Go through the listing below and repeat it exactly, dropping the pictures.

SOURCE DATA:
+ + + + + + +

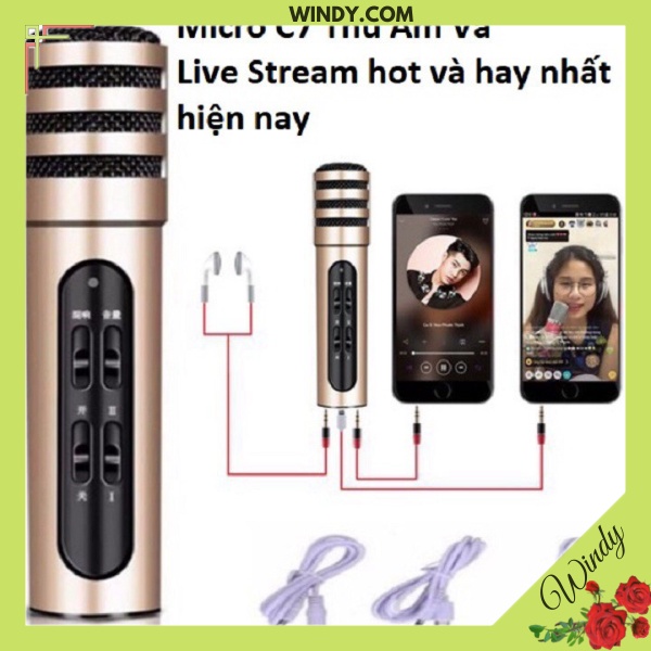Micro Karaoke Livestream Thu Âm C7 Âm Thanh Chuyên Nghiệp + Tặng Tai Nghe WD368
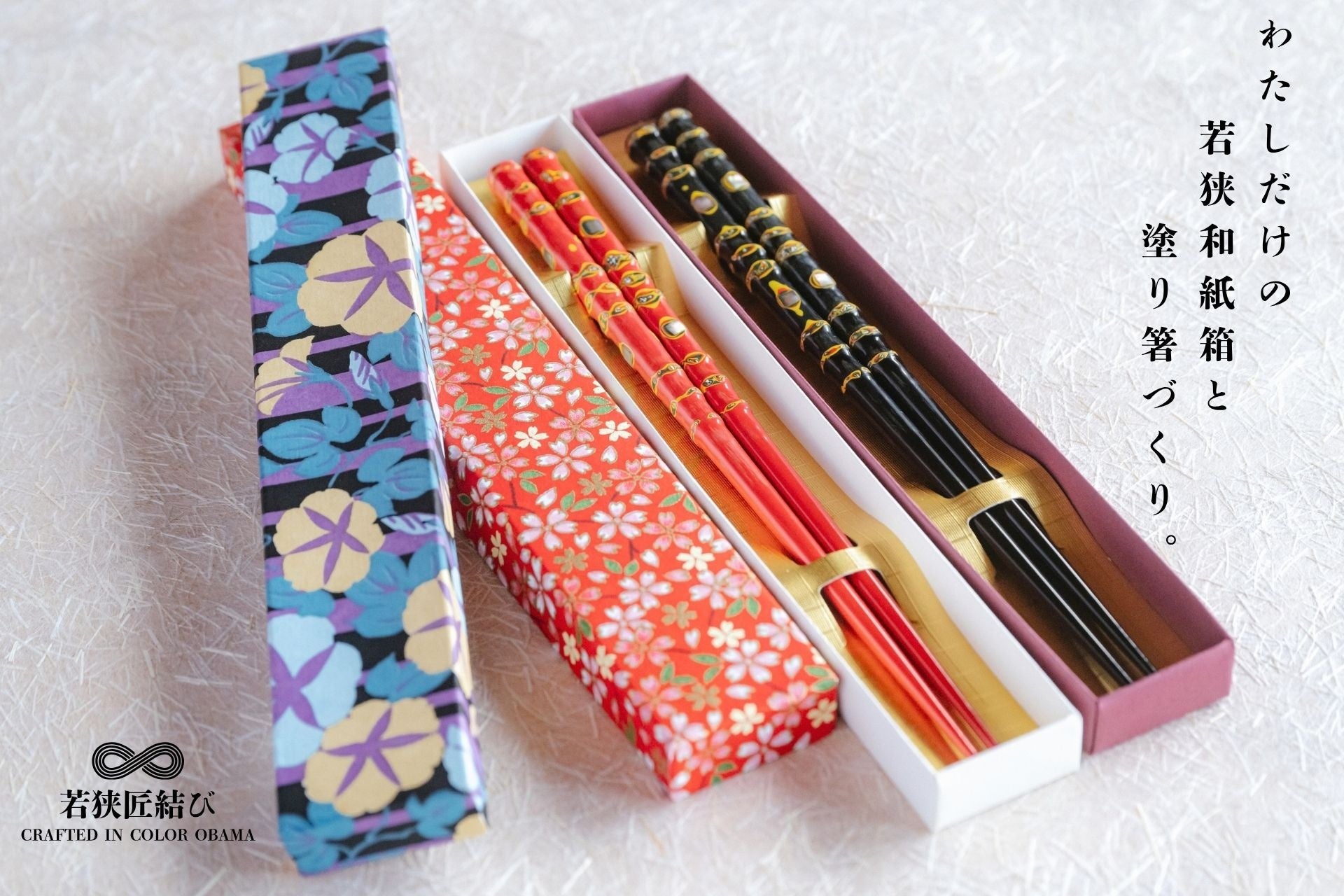 有限会社高鳥紙業(福井県小浜市/代表:高鳥義雄)は、2026年4月22日(水)より、福井県小浜市の伝統工芸を体験型プロジェクトとして提供する地域工芸ツーリズムプロジェクト「CRAFTED IN COLOR OBAMA(若狭匠結び)」を開始いたします。第1弾プロジェクトは「若狭塗り箸削り × 若狭和紙箱づくり体験」(税込5,500円/約2時間)。開始を記念し、小浜市在住の方を対象に先着50名様を無料でご招待します。体験後には小浜市内の観光スポットを巡る回遊プランもご案内し、工芸体験をきっかけに小浜のまち全体の魅力を体感いただけます。
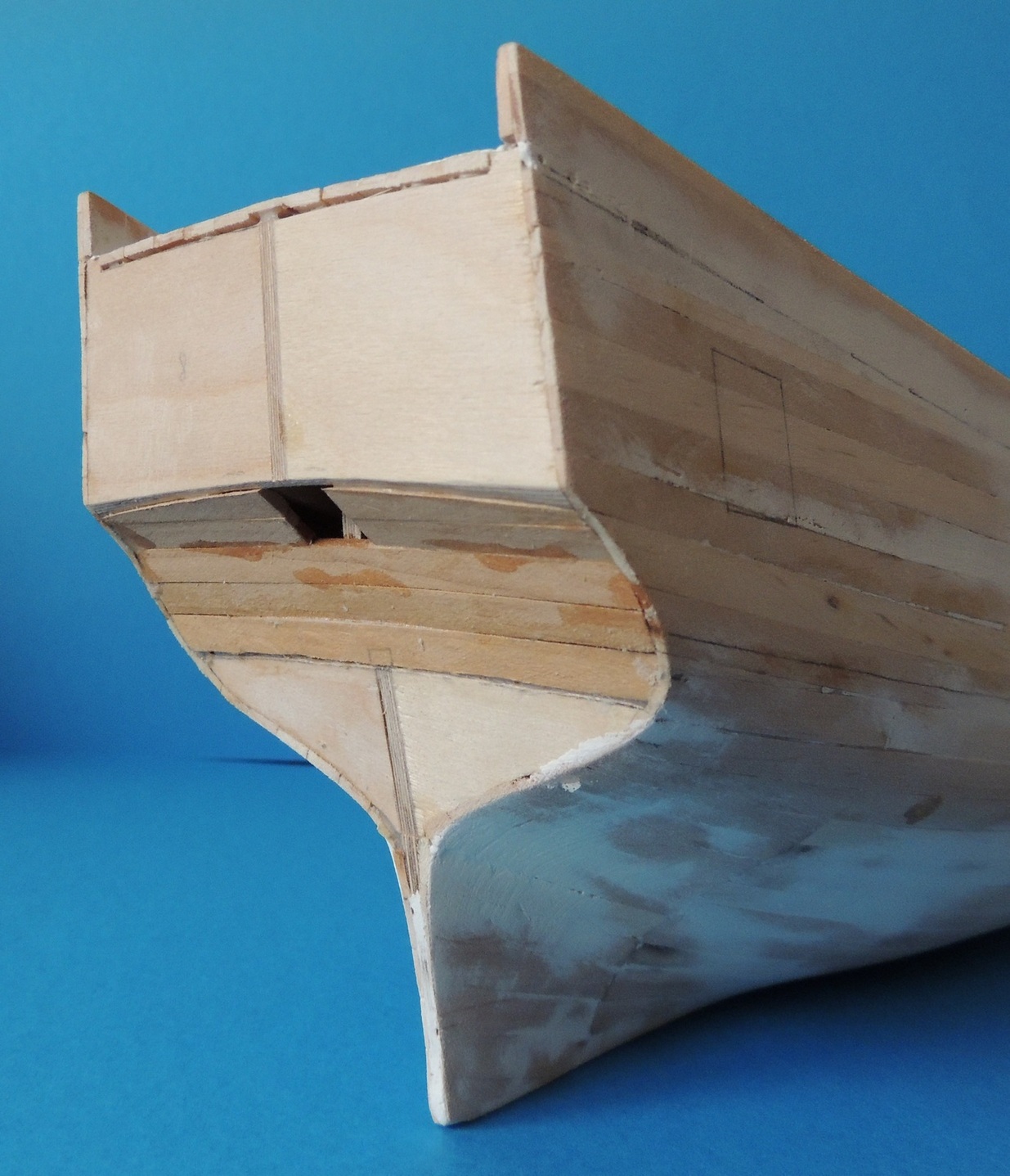 Cześć. Po troszku przybywa :) Wytrasowałem otwory na burtach i teraz zająłem się rufą.

+ + + + + + +

SOLUTION FOR THIS TASK:
Micro Karaoke Livestream Thu Âm C7 Âm Thanh Chuyên Nghiệp + Tặng Tai Nghe WD368
 有限会社高鳥紙業(福井県小浜市/代表:高鳥義雄)は、2026年4月22日(水)より、福井県小浜市の伝統工芸を体験型プロジェクトとして提供する地域工芸ツーリズムプロジェクト「CRAFTED IN COLOR OBAMA(若狭匠結び)」を開始いたします。第1弾プロジェクトは「若狭塗り箸削り × 若狭和紙箱づくり体験」(税込5,500円/約2時間)。開始を記念し、小浜市在住の方を対象に先着50名様を無料でご招待します。体験後には小浜市内の観光スポットを巡る回遊プランもご案内し、工芸体験をきっかけに小浜のまち全体の魅力を体感いただけます。
 Cześć. Po troszku przybywa :) Wytrasowałem otwory na burtach i teraz zająłem się rufą.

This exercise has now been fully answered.